適應性電容式電池平衡管理演算法研究

Abstract

近年來為了降低對於地球環境的傷害與減少交通運輸對於石油的依賴性，許多產業開始積極投入電動車與油電混合車產業，並使用鋰離子電池模組作為其主要動力來源，而電池所佔的成本居高不下，因此如何提高電池的利用價值便成為電池管理的熱門話題。然而為了因應使用需求，通常會將電池芯互相串並聯構成龐大的電池組，長期使用下便會發生各電池芯老化程度不一的情形，老化電池將影響整串電池組的使用，若是不妥善管理電池將會使電池組老化情形更為惡化，因而發展出了電池平衡管理技術。過去對於電池平衡管理只講求平衡電池端電壓或是電池電量狀態的差異，並沒有從實際電池使用的角度去觀看電池平衡這項事情。本論文所提出的適應性電容式電池平衡管理演算法以電池組放電使用的結果去解釋平衡的意義，並針對磷酸鋰鐵電池隨老化程度不同而表現出的充放電特性差異，有別於以往在電池靜置時長期操作平衡電路，本論文使用充電平衡方式將可大量節省平衡電池所需花費的時間，並提出一套能隨電池老化狀況適應性調整的電容式平衡啟動演算法，使電池組經過平衡後能後達到正確且有效的平衡目的，讓電池組保持在最佳的電池續航力狀態，並能降低電池的平均使用放電深度以增加電池組使用循環次數，同時避免電池組的老化效應持續增長。利用此演算法所實驗的結果有效增加7.3%電池所充入電量，並使電池增加1.5%放出電量。

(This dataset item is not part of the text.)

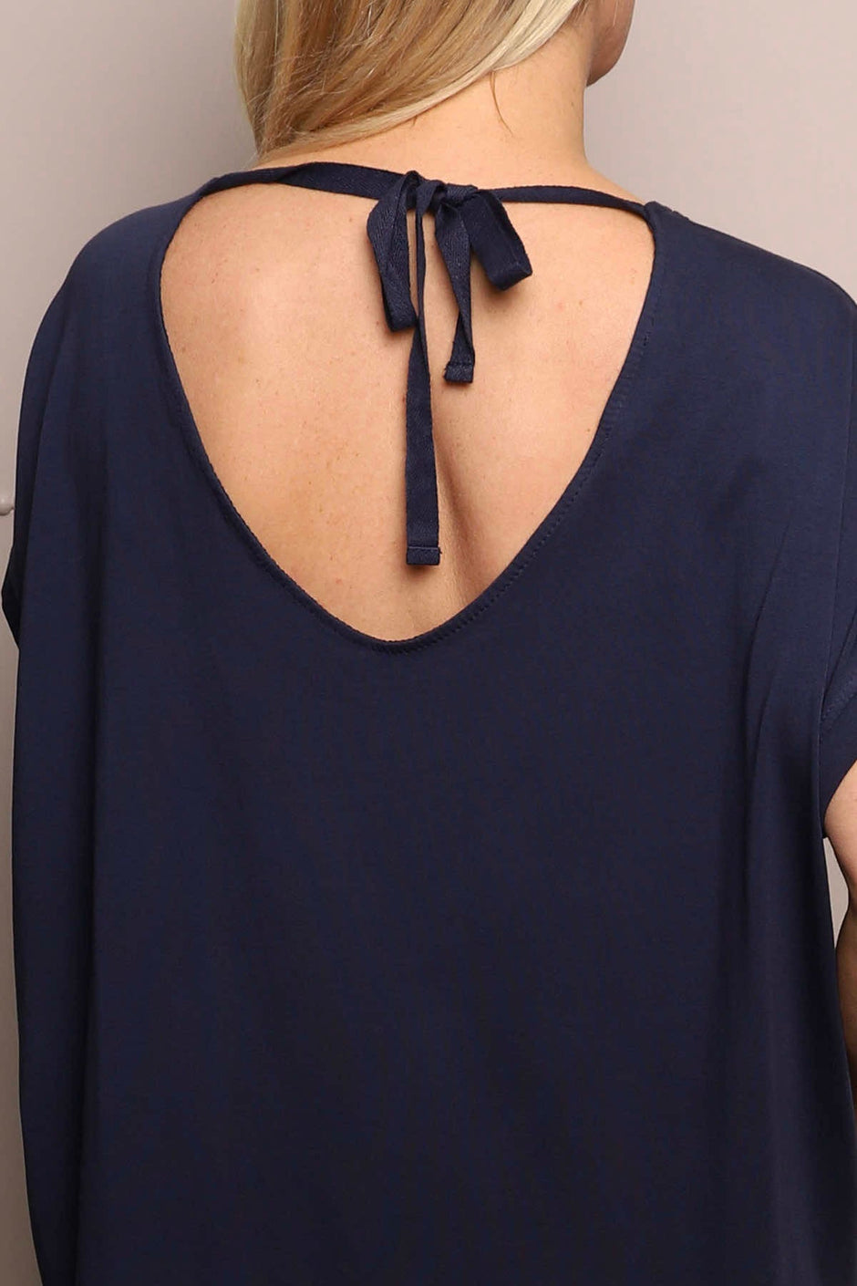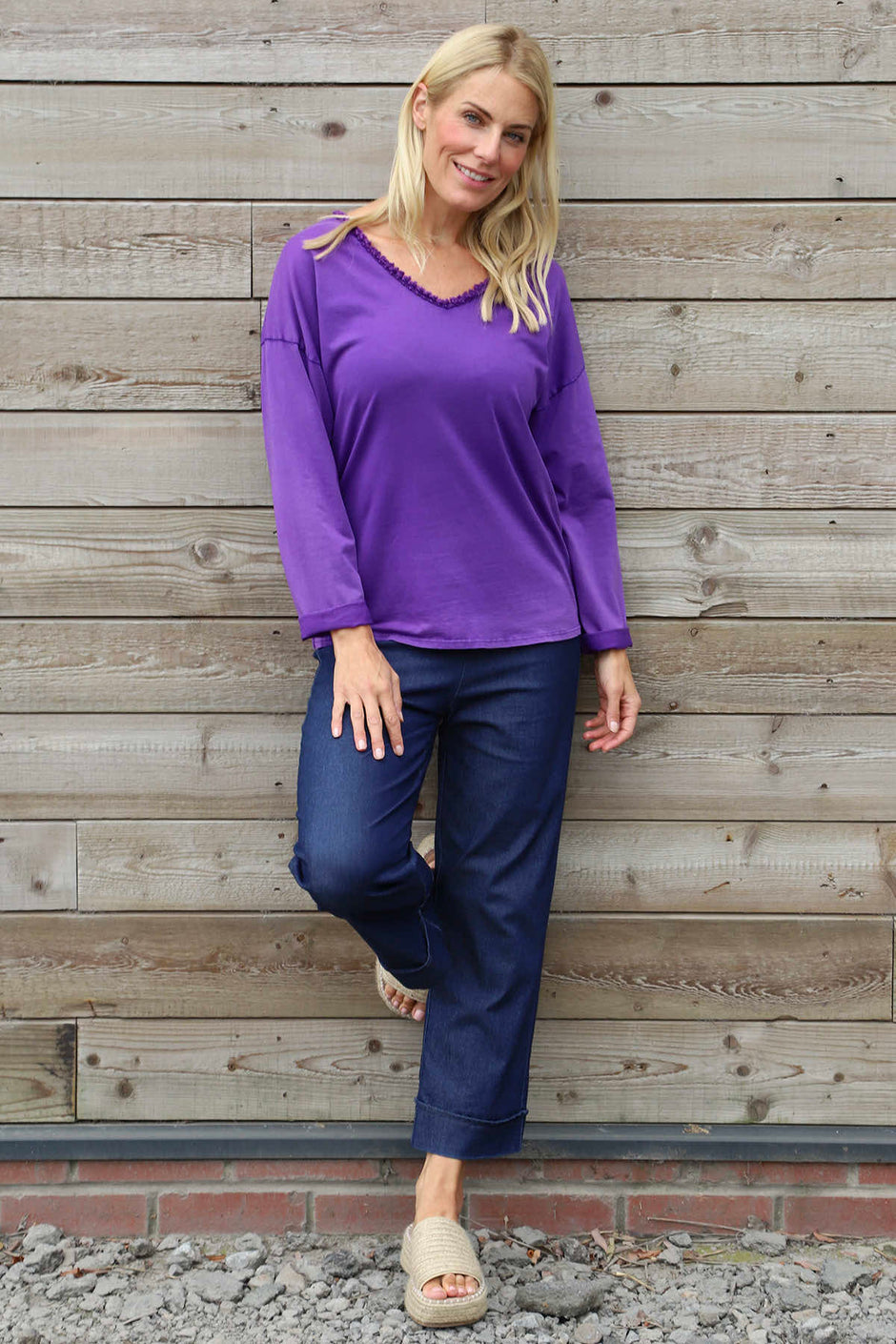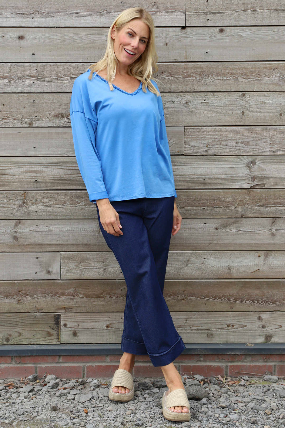 Natasha Crochet Shoulder Linen Top Royal Blue

In recent years, as energy-saving and environmental protection were widely concerned around the world, the LiFePO¬4¬¬¬ battery has been widely used in hybrid electric vehicle (HEV) and electric vehicle (EV). Because of the high cost of the Li-ion battery, how to extend the value of the battery is becoming a hot issue. Generally the battery pack for HEV is composition of the number of cells in series. In this case, unbalancing among cells due to the degradation, temperature etc, will be accelerated by the cycles of charge and discharge without an appropriate battery equalization management system. However, the balancing system only intended to reduce the difference of cell voltage or Stage of Charge (SoC) before. “Adaptive Battery Equalization Algorithm for Capacitor-based Battery Management System” this thesis proposed re-explains the meaning of battery equalization. Instead of long-term using battery equalizer on standby, this thesis equalizes the battery when charging to save much spending time. It could not only adjust the balancing mechanism automatically in order to keep the available charge but also raise the average SoC to prevent the effect of battery aging and improve the cycle number of battery. Experiment results indicate that the available charge increases 1.5% and the battery capacity efficiently improves 7.3%.